The present invention can be by building Bi-LSTM network implementations sequence labelling, and can realize participle, and accuracy rate can reach
95% or so, it is modified by manual confirmation link to participle mark corpus, confirms, submits, complete corpus participle mark work
Make;After the completion of mark task, re -training is carried out to participle model using mark corpus;System is supported through the man-machine of close friend
Interactive mode mark interface, simplifies user annotation operating process;
The present invention provides unified participle model access standard, supports the importing, training and use of external model.It can be in various electricity
It is applied in sub- equipment.
Detailed description of the invention
Fig. 1 is the semi-automatic operation principle schematic diagram for segmenting corpus labeling, training device of the invention.
Fig. 2 is the participle model training managing flow chart of Fig. 1.

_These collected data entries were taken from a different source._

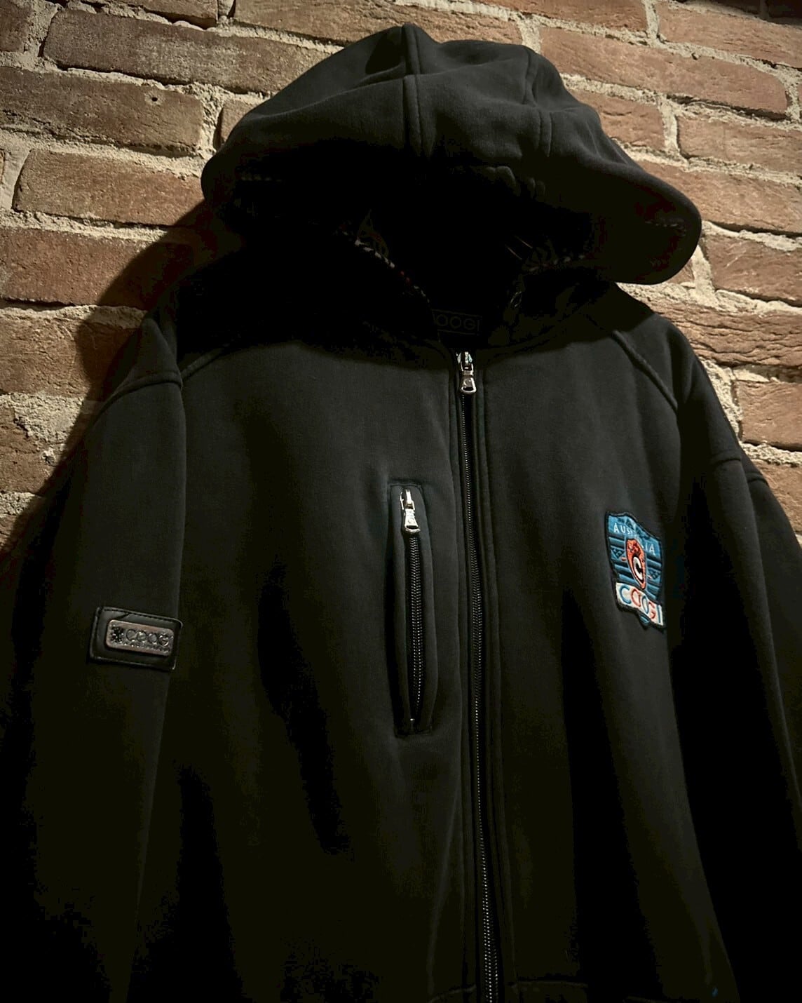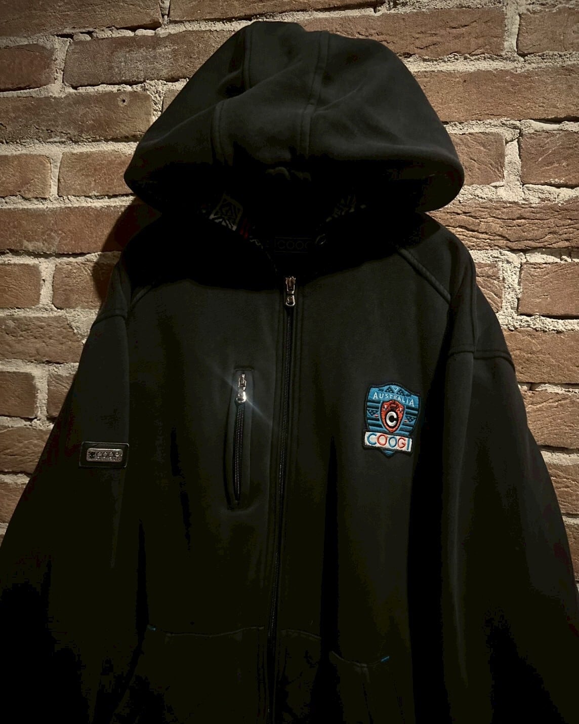 フード裏にはネイティブ調の柄、ポケットにはキルティングステッチ、フロントには縦型のジップポケットとCOOGIならではの高いデザイン性にハイクオリティな作り込みが素晴らしいですね、、、
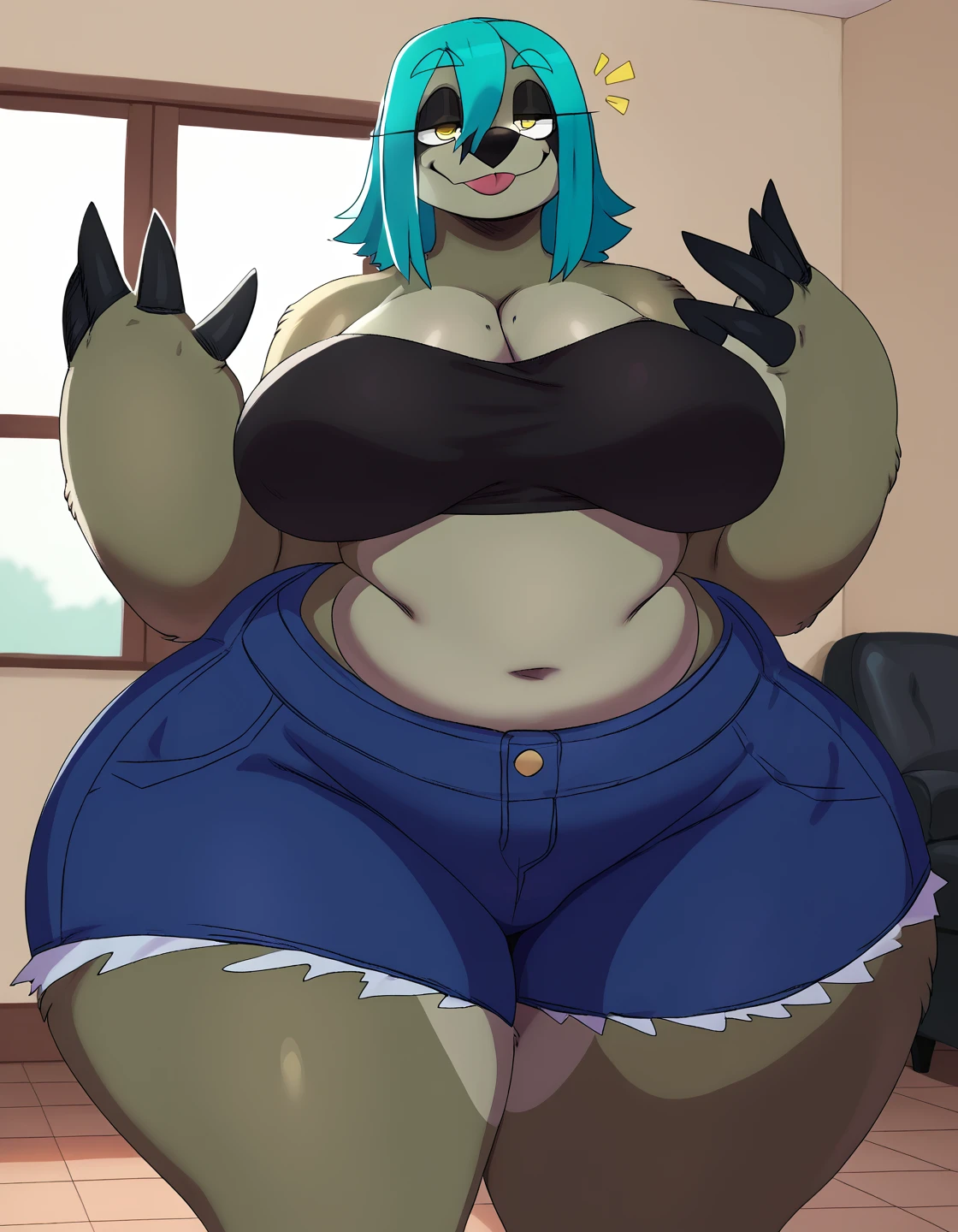 <lora:Nella_sssonic2:0.8>, n3lla, furry sloth:1.2, long sloth claws, blue hair, grey fur, grey body, markings, curvy, slightly chubby, big breasts, wide hips, huge female, negative
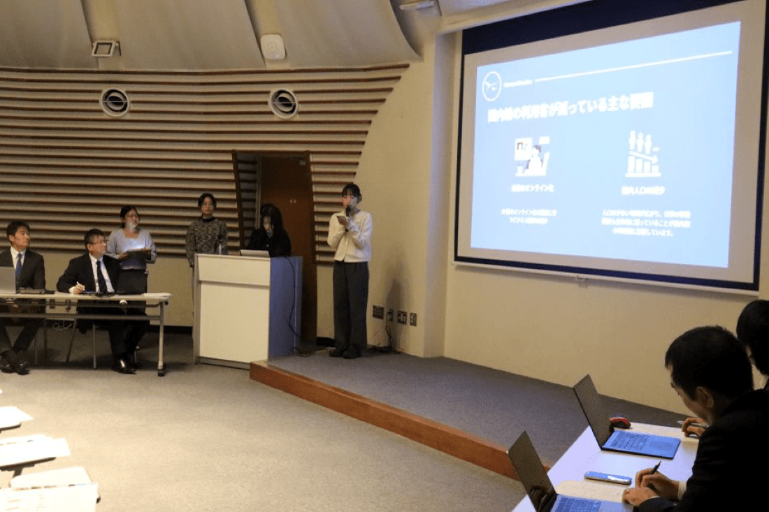 企業賞を受賞した1チームは経営学科4年、前田陽大(はると)さんら5人。テーマは「『待ち時間』を『価値ある』時間に」で、空港内書店兼図書館の設置を提案しました。「ビジネスパーソンの時間の課題」と「実際に本を手に取りたいニーズ」、「書店減少の課題」「書店の体験型価値」を融合させたアイデアで、空港内の待ち時間に本を選び、機内で読み、到着先の空港で返却するか購入するというプランです。
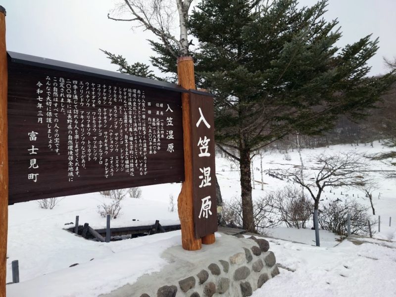 登山道はすぐに雪が出て来て、そこからはひたすら雪道を登り続けると、徐々に雪は深くなるものの、ズボッとなる程の深さにはならず、入笠湿原の上に到着。

To make the object, technical solutions and advantages of the present invention clearer, below with reference to embodiment and attached drawing, to this hair
It is bright to be described in further detail.
Specific embodiment
Refering to figure.In preferred embodiment described below, a kind of semi-automatic participle corpus labeling training device, packet
Include: corpus of text marks preparation module, semi-automatic corpus participle labeling module, reaction type model learning training module and participle
Marking model recruitment evaluation module, it is characterised in that: corpus of text marks preparation module and provides preparation for mark task, by right
The data of separate sources are distinguished to be selected with corpus source, and by sources or theme carries out single participle to corpus data to be marked
The processing of pre- mark, realize to corpus to be marked, segment the management of corpus, then pass through two-way maximum based on integrated dictionary
It is marked with a variety of segmentation methods such as participle, condition random field CRF, JIEBA, two-way LSTM network, BI-LSTM, by raw corpus participle
Semi-automatic corpus participle labeling module is submitted in note work;Semi-automatic corpus participle labeling module is used for different labeled
Demand and corpus feature, creation participle mark task, selection mark are applicable in algorithm model, carry out certainly by mark Business Rule Management
Dynamic mark, the two-way maximum based on integrated dictionary match selected in a variety of segmentation methods such as participle, CRF, JIEBA, BI-LSTM
A kind of segmentation methods model and business rule complete the automatic marking of each class mark task, the automatic mark based on algorithm model
Note result and the automatic marking result based on business rule are labeled result fusion;On the basis of automatic marking result fusion
On, manual intervention is carried out according to mark traffic criteria and sentences card, saves annotation results, and corpus of text mark preparation module is generated
Training pattern corpus and marking model feed back to reaction type model learning training module, are enhanced according to existing model and external depth
Model load carries out model parameter setting, the selection of model corpus and model learning training, model is improved after updating and returns again to mould
Shape parameter setting;After calling unified training pattern interface Train to generate core lexicon and N-gram core lexicon, by unified model
Access interface imports external algorithm model, is updated or exports to model, saves comprising core lexicon and N-gram dictionary text
The participle model file of part, and participle training pattern table is updated, it establishes dimensioning algorithm Integrated Evaluation Model and effect is marked to model
Assessed, by the continuous iteration between model modification and corpus labeling, using trained model in platform for point
The model of word mark is updated, and completes new participle mark task.Marking model recruitment evaluation module is segmented according to index mark
Standard builds single index algorithm, quantifies according to index computation rule to index, uses group according to different labeled task
Corresponding index building dimensioning algorithm Integrated Evaluation Model is knitted, the integrated value that hits the target is calculated, fed back to marking model effect.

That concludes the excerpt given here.